[Data for analysis Boundary: Start]

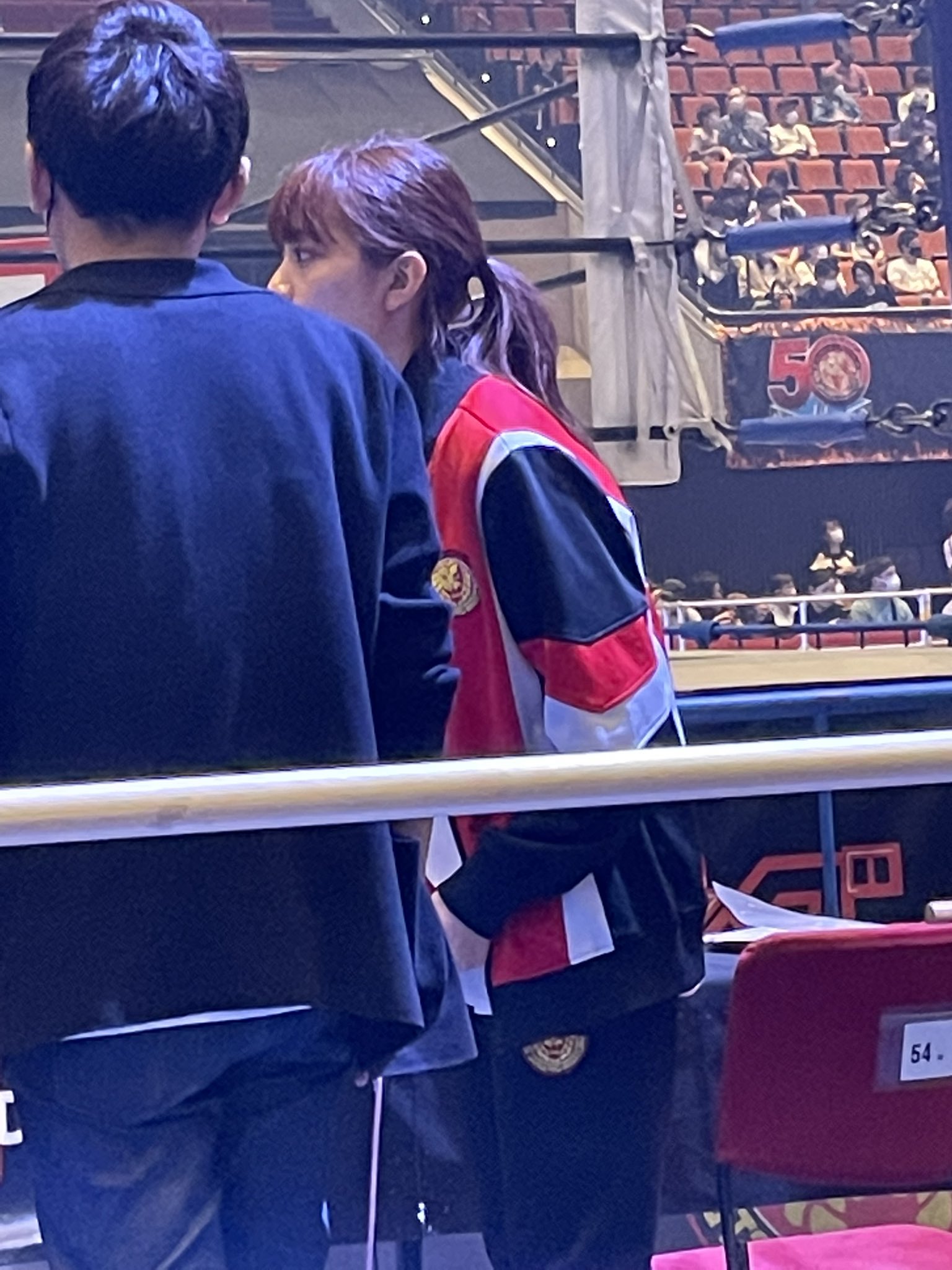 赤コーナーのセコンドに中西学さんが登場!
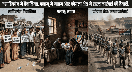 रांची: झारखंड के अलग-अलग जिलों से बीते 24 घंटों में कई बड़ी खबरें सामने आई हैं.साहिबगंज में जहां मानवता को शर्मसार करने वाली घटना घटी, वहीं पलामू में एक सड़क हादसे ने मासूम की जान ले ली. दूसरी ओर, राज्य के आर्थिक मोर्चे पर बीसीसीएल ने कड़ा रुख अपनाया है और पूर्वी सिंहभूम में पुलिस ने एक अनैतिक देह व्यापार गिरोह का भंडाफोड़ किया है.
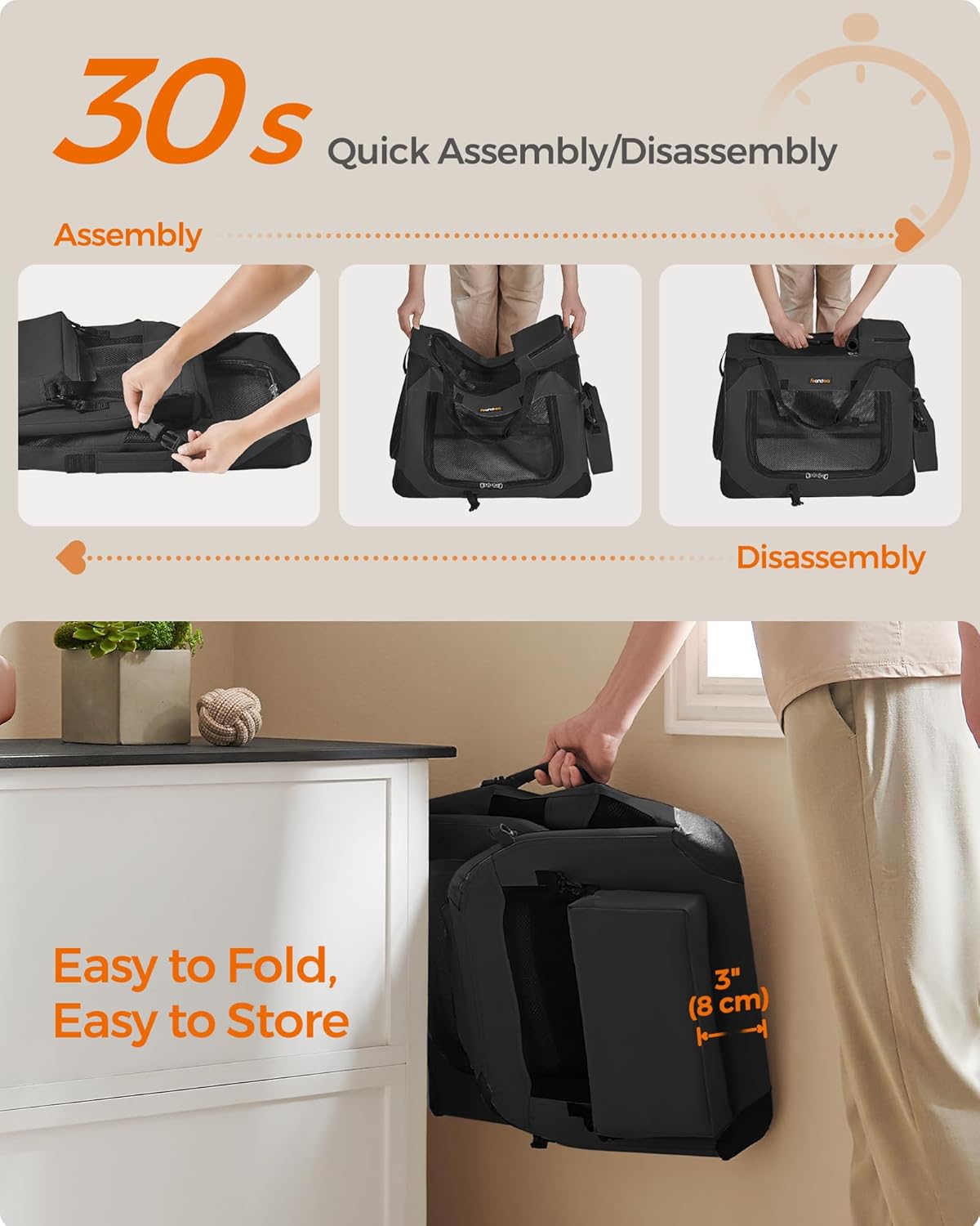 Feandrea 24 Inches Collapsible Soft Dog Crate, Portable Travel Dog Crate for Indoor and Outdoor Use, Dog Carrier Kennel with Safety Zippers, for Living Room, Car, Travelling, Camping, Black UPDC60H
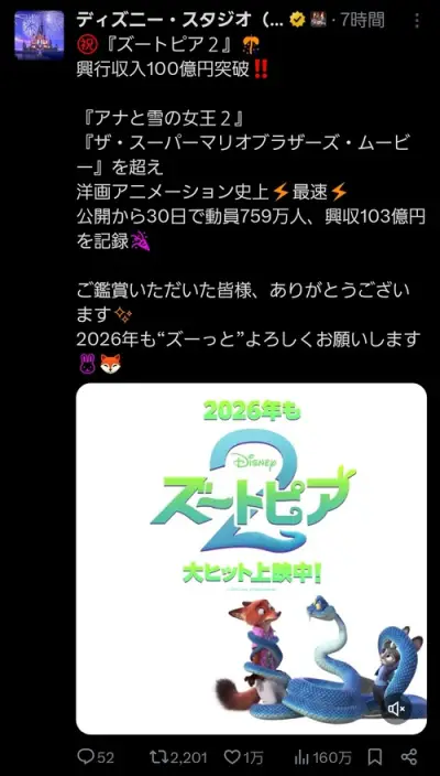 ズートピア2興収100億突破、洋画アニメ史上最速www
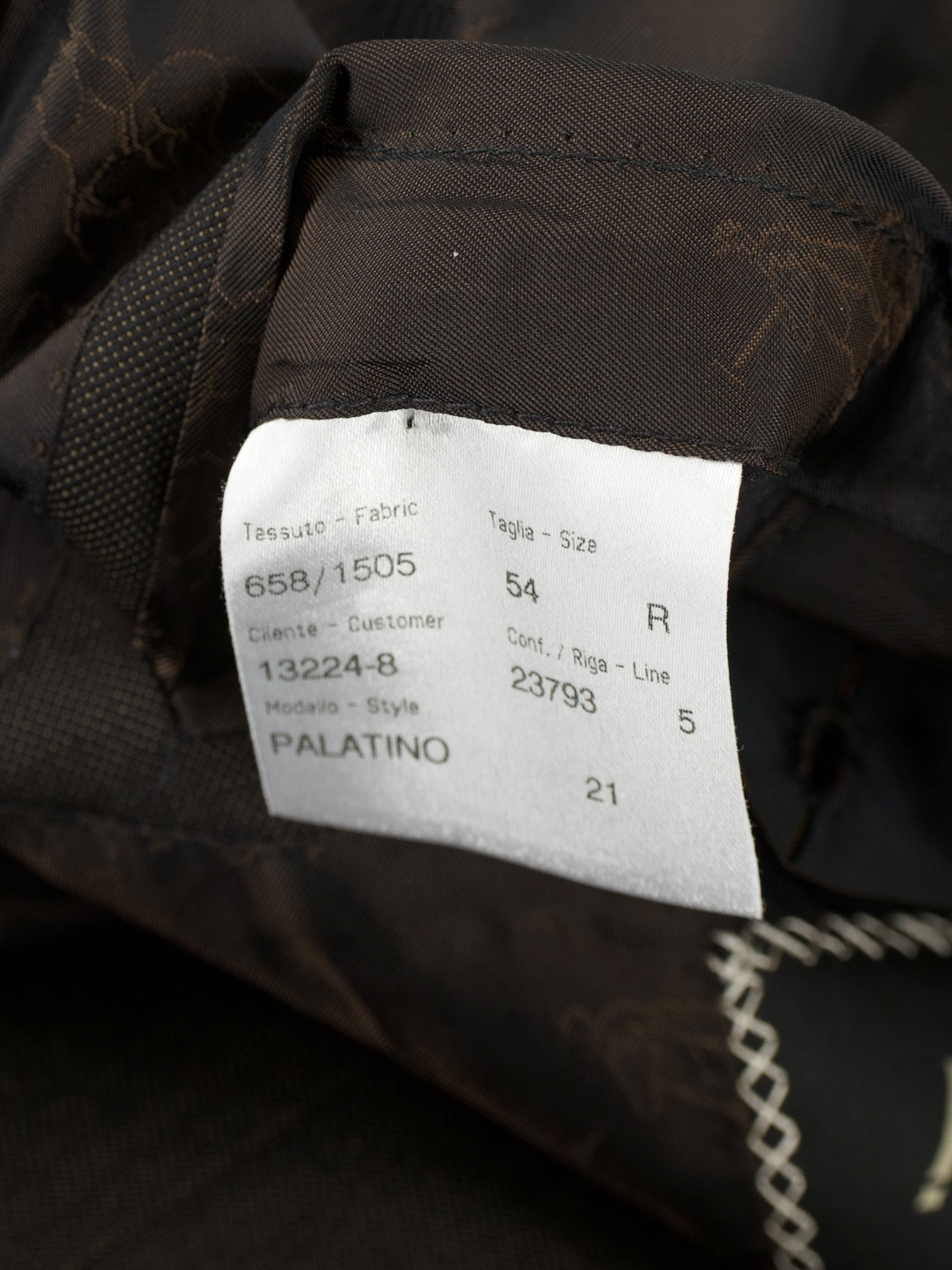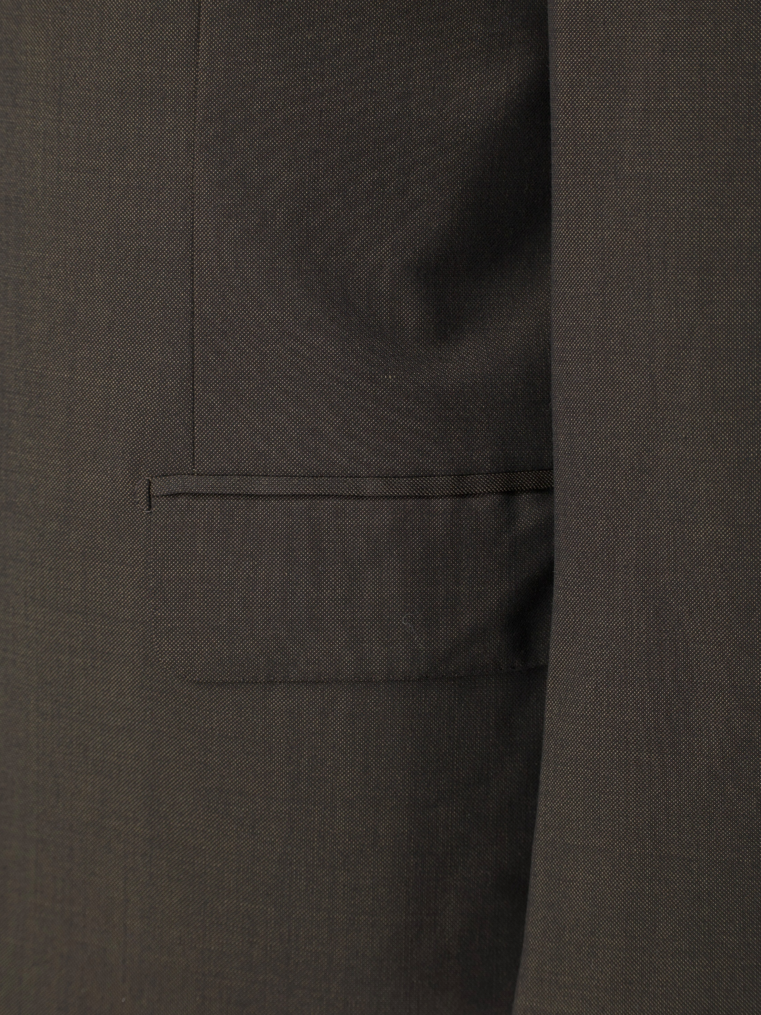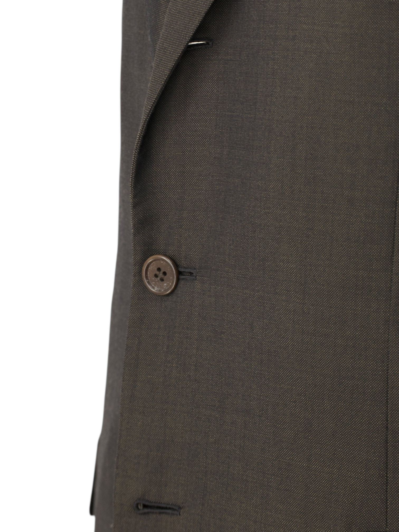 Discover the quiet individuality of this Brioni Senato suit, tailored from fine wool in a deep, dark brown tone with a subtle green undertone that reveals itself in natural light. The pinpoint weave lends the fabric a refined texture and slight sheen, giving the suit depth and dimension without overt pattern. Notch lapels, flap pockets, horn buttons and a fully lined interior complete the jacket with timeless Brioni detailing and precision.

[Data for analysis Boundary: End]

The entries above need to be transcribed word for word, and the pictures stay out.

* Solution to the exercise:
 赤コーナーのセコンドに中西学さんが登場!
 रांची: झारखंड के अलग-अलग जिलों से बीते 24 घंटों में कई बड़ी खबरें सामने आई हैं.साहिबगंज में जहां मानवता को शर्मसार करने वाली घटना घटी, वहीं पलामू में एक सड़क हादसे ने मासूम की जान ले ली. दूसरी ओर, राज्य के आर्थिक मोर्चे पर बीसीसीएल ने कड़ा रुख अपनाया है और पूर्वी सिंहभूम में पुलिस ने एक अनैतिक देह व्यापार गिरोह का भंडाफोड़ किया है.
 Feandrea 24 Inches Collapsible Soft Dog Crate, Portable Travel Dog Crate for Indoor and Outdoor Use, Dog Carrier Kennel with Safety Zippers, for Living Room, Car, Travelling, Camping, Black UPDC60H
 ズートピア2興収100億突破、洋画アニメ史上最速www
 Discover the quiet individuality of this Brioni Senato suit, tailored from fine wool in a deep, dark brown tone with a subtle green undertone that reveals itself in natural light. The pinpoint weave lends the fabric a refined texture and slight sheen, giving the suit depth and dimension without overt pattern. Notch lapels, flap pockets, horn buttons and a fully lined interior complete the jacket with timeless Brioni detailing and precision.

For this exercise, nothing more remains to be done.